Die FW hatte inhaltlich verloren und etliche Mitstreiter stellten den Sinn weiterer kommunalpolitische Arbeit ernsthaft in Frage. Nach intensiver Diskussion trat die FW  mit dem Spitzenduo Gröne und Hartz erneut zur Wahl an. Bei der SPD hatte die harte Auseinandersetzung um das Thema Schule/Kindergarten dazu geführt, dass nicht mehr genug Parteimitglieder zur Verfügung standen. So wurde als Novum in der Hetlinger Geschichte eine Bürgerliste unter SPD-Führung aus der Taufe gehoben. Bei der Wahl im März 1998 erreichte die FW trotzdem noch rund 12 %, jedoch nur noch einen Sitz in der Gemeindevertretung. Dieser wurde zunächst durch Helmut Gröne, danach durch Michel Wiest besetzt. Zum ersten Mal dauerte die Legislaturperiode fünf Jahre. Die CDU hatte die absolute Mehrheit mit sechs Sitzen, die Bürgerliste erreichte vier. Bürgermeister Groth wurde erneut gewählt.

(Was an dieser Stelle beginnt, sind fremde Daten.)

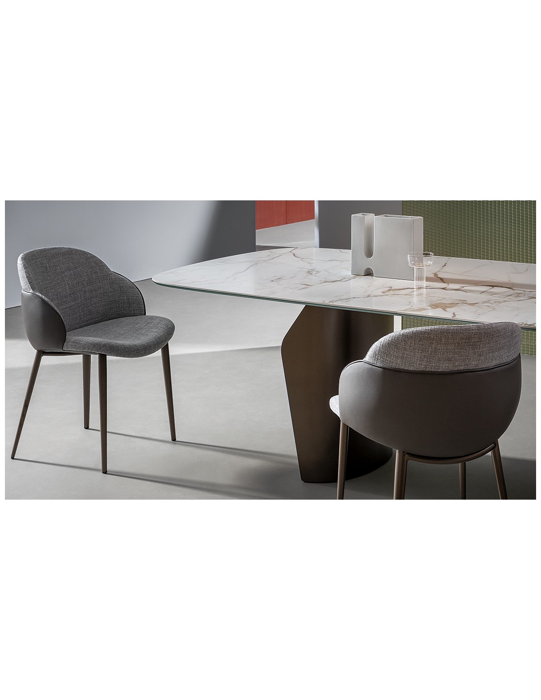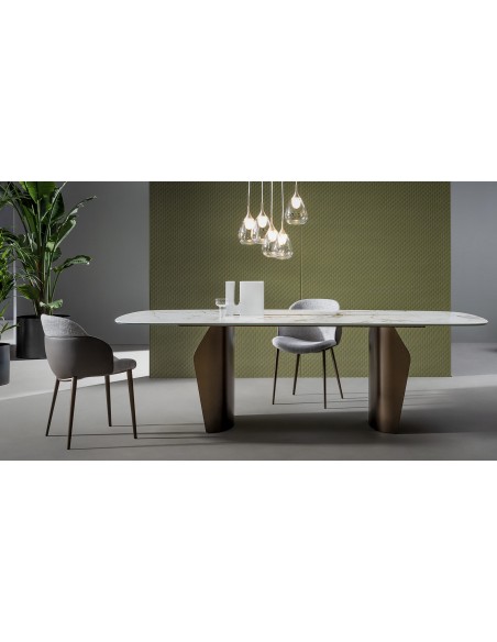 Il tavolo Flame, disegnato da Gino Carollo, è la rappresentazione di convivialità e intimità ed è senza ombra di dubbio il complemento protagonista della zona living. Le caratteristiche principali di Flame sono l’armonia delle forme, la leggerezza e la sinuosità suoi dei volumi. Il piano, visivamente sospeso, è utilizzabile completamente grazie al posizionamento del doppio basamento, studiato per ottimizzare lo spazio di ingombro. È disponibile in numerose e ricercate finiture – dal legno alla ceramica, fino al marmo. Per la base è possibile scegliere tra diverse varianti di metallo.
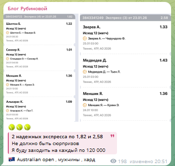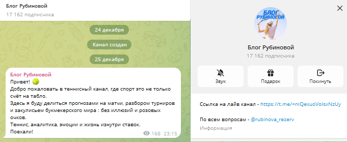 Сообщество Александры Рубиновой создано 25 декабря 2025 года и уже состоит из 17 000 подписчиков. Автор собирается делится в нем прогнозами на теннис и делать разбор новостей беттинга.
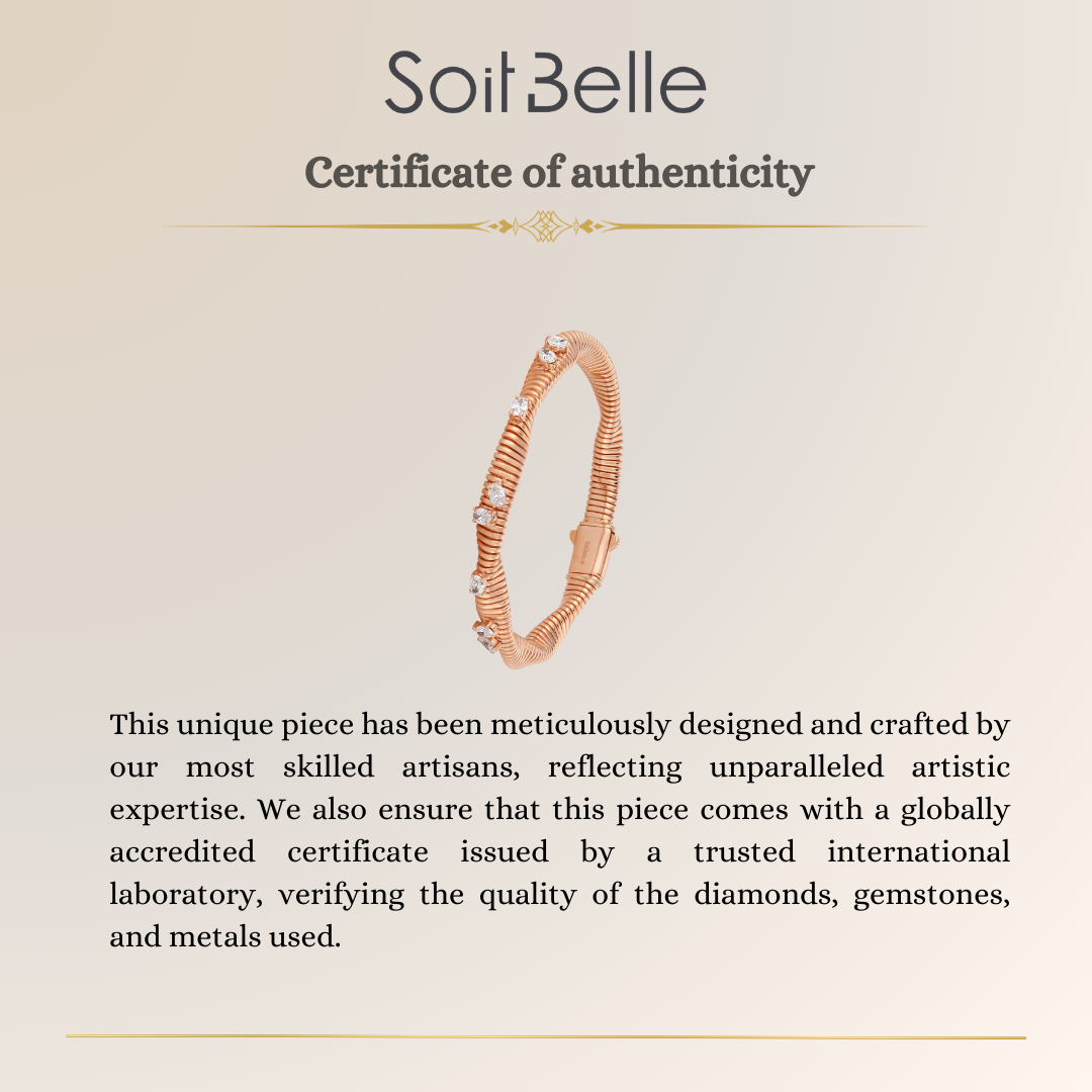 Natural diamonds are precisely set along the sculptural form, delivering structured brilliance that enhances the flowing design. The warmth of rose gold balances the sparkle, resulting in fine jewellery that feels luminous, modern, and confidently sophisticated.
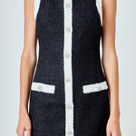 Upgrade your wardrobe with our must-have Tweed Sleeveless Mini Dress. The round neckline and sleeveless design adds a touch of elegance, while contrast details provide a modern twist. Complete with functional front welt pockets and chic buttons, this dress not only adds style but also convenience to your outfit. Made from high-quality tweed fabric, it offers a comfortable and flattering fit. Perfect for any occasion, from day to night, this dress is a timeless addition to your collection. Don't miss out on this versatile piece!
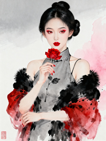 工笔风细腻描绘,水墨意境渲染,古典中式美人婉约清雅,发饰点翠如诗,衣袂轻柔,尽显文艺与唯美之韵。
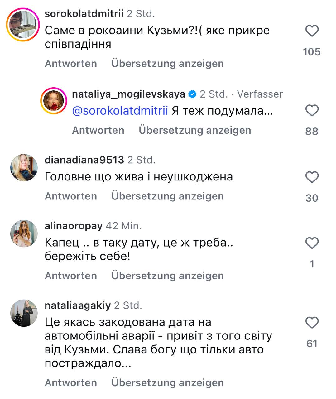В то же время подписчики Могилевской в комментариях под постом обратили внимание, что происшествие случилось в тот же день, когда в аварии 11 лет назад погиб украинский певец Андрей Кузьменко (Кузьма Скрябин).
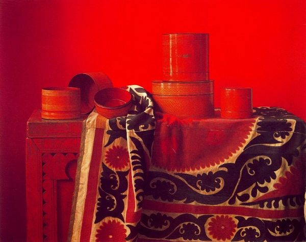 Curator: This is a detail from Jan van Eyck's "The Madonna of Canon van der Paele," painted around 1436. It currently resides in the Groeningemuseum in Bruges. Editor: Wow, the light almost feels real. There’s this stillness that vibrates – a moment captured so perfectly you feel like you could reach out and touch it. The details are astounding, like tiny worlds unto themselves. Curator: Van Eyck’s mastery with oil paint allowed him to capture an unprecedented level of detail and texture. Notice how the materials – the luxurious fabrics of the Madonna's robes, the metal of the Canon’s spectacles – all contribute to the painting's overall opulence, showcasing both wealth and the burgeoning merchant class that fueled artistic patronage at this time. The painting served a very specific purpose within the church – a public offering by Van der Paele of both his devotion and resources. Editor: Absolutely. It's more than just visual trickery. You can almost feel the weight of those robes, the coolness of the metal. It makes you think about the act of seeing, what’s captured with the hands. The light reflecting off each material evokes a unique feeling; It's as if the paint itself is transformed into something other worldly and deeply emotional. What kind of effort must have been involved? Curator: The detail indicates meticulous layering, suggesting an army of apprentices, various sources and processes of paint production, and specialized artisanal skills for different parts. What does a detail like that imply about who and what is made invisible in the final representation? Editor: Right, and that's a really vital question. Because these aren’t just holy figures but also real people, working, contributing, and paying—van Eyck included. It brings this spiritual, almost ethereal space crashing down to earth, reminds you that art is fundamentally built upon real people, time, skill, all that human energy. It's fascinating how it intertwines both the sacred and the very real dynamics of its creation. Curator: Precisely, it highlights how the act of making, the materials themselves, were deeply enmeshed in the social and economic structures of the time, subtly informing how the work was received and understood by its intended audience. Editor: Exactly! I keep coming back to the sheer amount of hand labor that went into every square inch. Something to sit with and think about long after walking away.
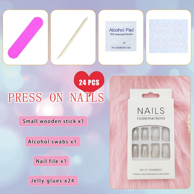 - 💗You Will Get: The package contains 24 pieces of press on nails of different sizes, 1 mini manicure file, 1 small wooden stick, and 1 piece of nail glue sticker. (Jelly glue can last about 3 days or more, glue remains longer)

Im Jahr 2000 löste Michel Wiest Lars Thomsen als Vorsitzenden ab, gleichzeitig übernahm Michi Rahn den Sitz im Gemeinderat von Michel. Die Aufregung um das Thema Schule/Kindergarten legte sich wieder, die alte Schule wurde abgerissen und mit einem Musterbeispiel gelungener Dorfarchitektur bebaut. Was im Rahmen des Bürgerentscheids keiner hören wollte, weil von der FW, erwies sich schon bald als Realität. Schule und Kindergarten waren von Anfang an zu klein, diese Baustelle der Hetlinger Politik begleitete auch noch die Kommunalwahlen 2003. Die scharfen emotionalen Debatten im Gemeinderat gehörten allerdings der Vergangenheit an, sachliche Tagespolitik war gefragt. Gleichzeitig schwand das Interesse der Medien wie auch der Hetlinger. Der Gemeinderat tagte wenn auch öffentlich jedoch meist unter sich. Immer stärker rückten dabei die Probleme der Gemeindefinanzen in den Mittelpunkt. Im Gegensatz zur vorangegangenen Periode ließen sich für die FW durchaus inhaltliche Erfolge verbuchen. Hetlingens Jugend bekam endlich den eigenen Raum. Das Solar-Dach auf der Schule und die weit über die Gemeindegrenzen wirkende BI gegen die A20 wären ohne die FW-Aktivisten nicht vorstellbar gewesen.

Lars Thomsen (März 2003)

Die Wahlperiode 2003 bis 2008 gehört zu den traurigen Kapiteln der Ortsgeschichte. Bürgermeister Klaus Groth (CDU) starb im Frühjahr 2005 nach schwerer Krebskrankheit. Am Ende des Jahres starb seine zweite Stellvertreterin, Beate Seifert (SPD/Bürgerblock), nach einem Autounfall.

Seit April 2005 führt Barbara Ostmeier (CDU) die Gemeinde.